→ Problem description
Here the job is to transcribe the data verbatim while leaving each picture out.

→ Data below
-.-.-

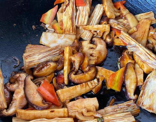 7、倒入腐竹、冬笋、胡萝卜、生抽、蚝油、老抽、糖翻炒均匀。
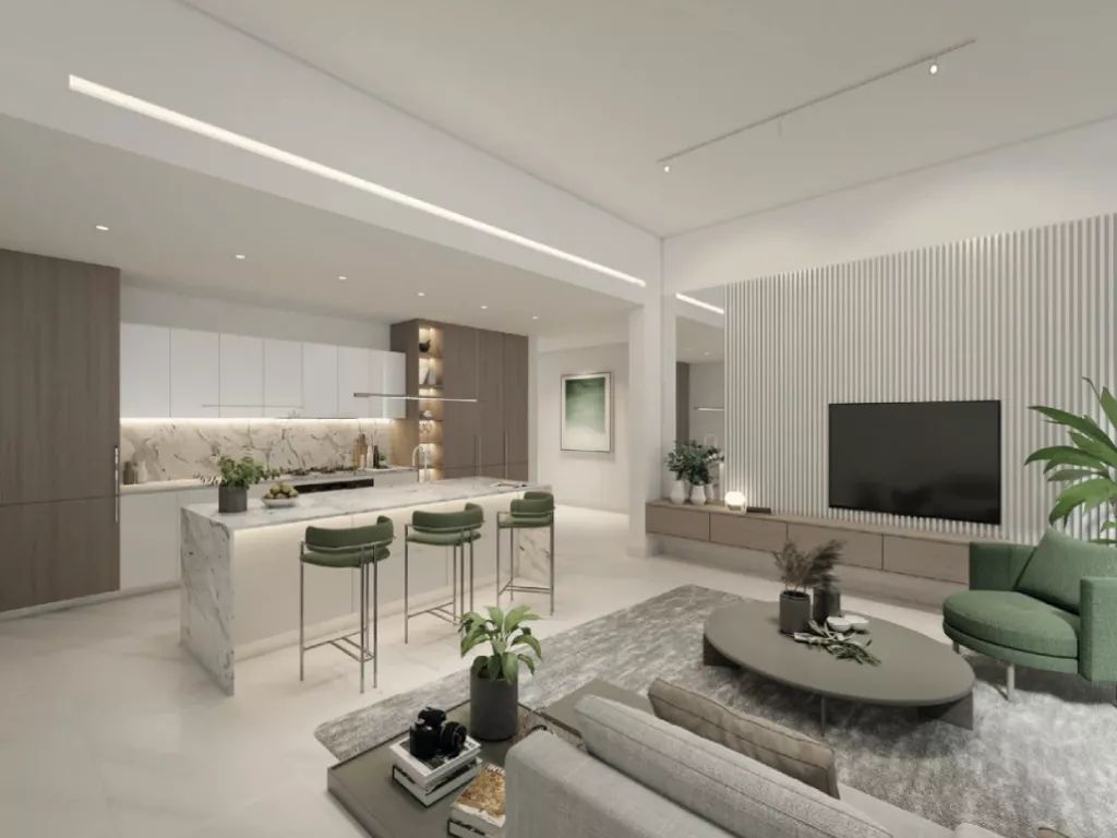 В комплексе представлены студии, апартаменты с 1–4 спальнями и роскошные дуплексы с 4 спальнями. Интерьеры выполнены в минималистичном стиле с нейтральной цветовой палитрой и элементами комфорта, подходящими для семейной жизни. Открытые кухни с мраморными столешницами, просторные гостиные, уединённые спальни с выходом на балкон, а также современные ванные комнаты с деталями из орехового дерева и латуни создают атмосферу элегантности и функциональности.
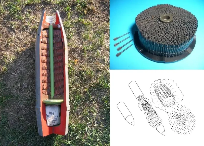 Одна из них представляла собой как раз массивные вольфрамовые стержни, предназначенные для поражения заглубленных целей, a вторая — большое количество малоразмерных вольфрамовых готовых поражающих элементов (ГПЭ), накрывающих объекты на поверхности на площади в несколько гектаров.

-.-.-

→ Output for this task
 7、倒入腐竹、冬笋、胡萝卜、生抽、蚝油、老抽、糖翻炒均匀。
 В комплексе представлены студии, апартаменты с 1–4 спальнями и роскошные дуплексы с 4 спальнями. Интерьеры выполнены в минималистичном стиле с нейтральной цветовой палитрой и элементами комфорта, подходящими для семейной жизни. Открытые кухни с мраморными столешницами, просторные гостиные, уединённые спальни с выходом на балкон, а также современные ванные комнаты с деталями из орехового дерева и латуни создают атмосферу элегантности и функциональности.
 Одна из них представляла собой как раз массивные вольфрамовые стержни, предназначенные для поражения заглубленных целей, a вторая — большое количество малоразмерных вольфрамовых готовых поражающих элементов (ГПЭ), накрывающих объекты на поверхности на площади в несколько гектаров.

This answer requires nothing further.